- Specialty: Dermatology

= Neutrophilic eccrine hidradenitis =

Neutrophilic eccrine hidradenitis (NEH) usually is a cutaneous complication of chemotherapy, but it can also occur for other reasons. It consists of fever and non specific skin lesions. It is rare, and self-limited.

==Signs and symptoms==

Fever and a non specific skin eruption – with reddening (erythema) and swelling (oedema) of the skin – are the most common symptoms of NEH. Patients usually present with the skin eruption 1-2 weeks after use of the cytotoxic drug. Sometimes, the skin eruption can be painful. Skin eruptions can be located on the extremities, trunk, and face. Severe lesions are rare, and can mimic cellulitis. Generalised lesions resembling erythema multiforme have been reported.

==Cause==

The overwhelming majority of neutrophilic eccrine hidradenitis (NEH) is seen in people with cancer, especially leukaemia, who receive chemotherapy with a cytotoxic drug. These include: Bleomycin, chlorambucil, cyclophosphamide, cytarabine, doxorubicin, lomustine, mitoxantrone, topotecan, and vincristine.

NEH was first described in 1982 in a patient with acute myeloid leukaemia (AML) who had received cytarabine as chemotherapy.

Cancer itself, infections, and other medicinal drugs also can lead to NEH. NEH has been reported in patients with cancer who have not received any form of chemotherapy (i.e., as a paraneoplastic syndrome), in patients with HIV and/or AIDS, and after the use of paracetamol (acetaminophen). Also the use of targeted agents can lead to NEH, e.g. imatinib, a tyrosine kinase inhibitor.

NEH has also been described without any known reason (idiopathic cases), including idiopathic cases in children.

The exact cause of NEH is unknown. In patients receiving chemotherapy, it has been postulated that a high concentration of the cytotoxic drug in sweat has a direct toxic effect on the eccrine glands.

==Diagnosis==

In all cases of suspected NEH, a skin biopsy should be performed, because the clinical symptoms are non specific, but the histopathological findings on the biopsy are specific. The biopsy shows characteristic changes of the eccrine glands, the major sweat glands of the body.

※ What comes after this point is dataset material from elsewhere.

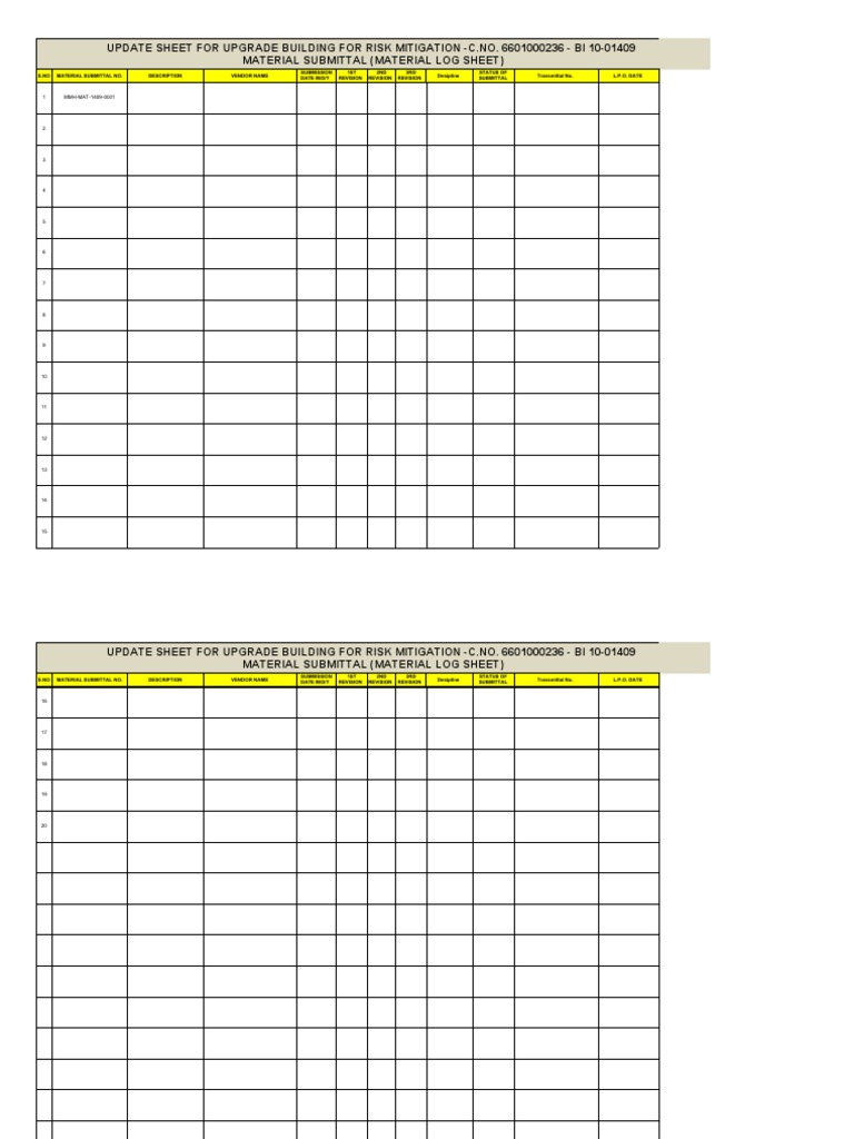MATERIAL SUBMITTAL (MATERIAL LOG SHEET)

In NEH, eccrine gland necrosis, and neutrophils surroundings the eccrine glands, are typical findings on biopsy. If the chemotherapy has recently been administered, chemotherapy induced neutropenia may be present, and, as a result, the neutrophils may be absent. But the other characteristic finding, i.e. eccrine gland necrosis, can still be seen. A vacuolar interface dermatitis also is visible in glands and ducts, along with necrosis of the lining cells.

In addition, in patients receiving chemotherapy, keratinocyte atypia can be seen.

==Prevention==

A single case report suggested that oral dapsone may be useful for prevention. However, the efficacy of oral dapsone as prevention has not been demonstrated very clearly until now.

==Treatment==

NEH is self-limited and usually resolves without treatment. In the overwhelming majority of the cases, spontaneous resolution occurs within 1–2 weeks.

However, if the patient developed NEH after chemotherapy, the offending cytotoxic drug has to be discontinued, and the patient must avoid this particular cytotoxic drug in the future, because NEH usually re occurs upon re exposure to the same cytotoxic drug.

Despite the fact that NEH is self limited and usually resolves without treatment, some researchers use treatment, mainly systemic corticosteroids, although the efficacy of such a therapy has not been demonstrated in a large randomised controlled clinical trial until now.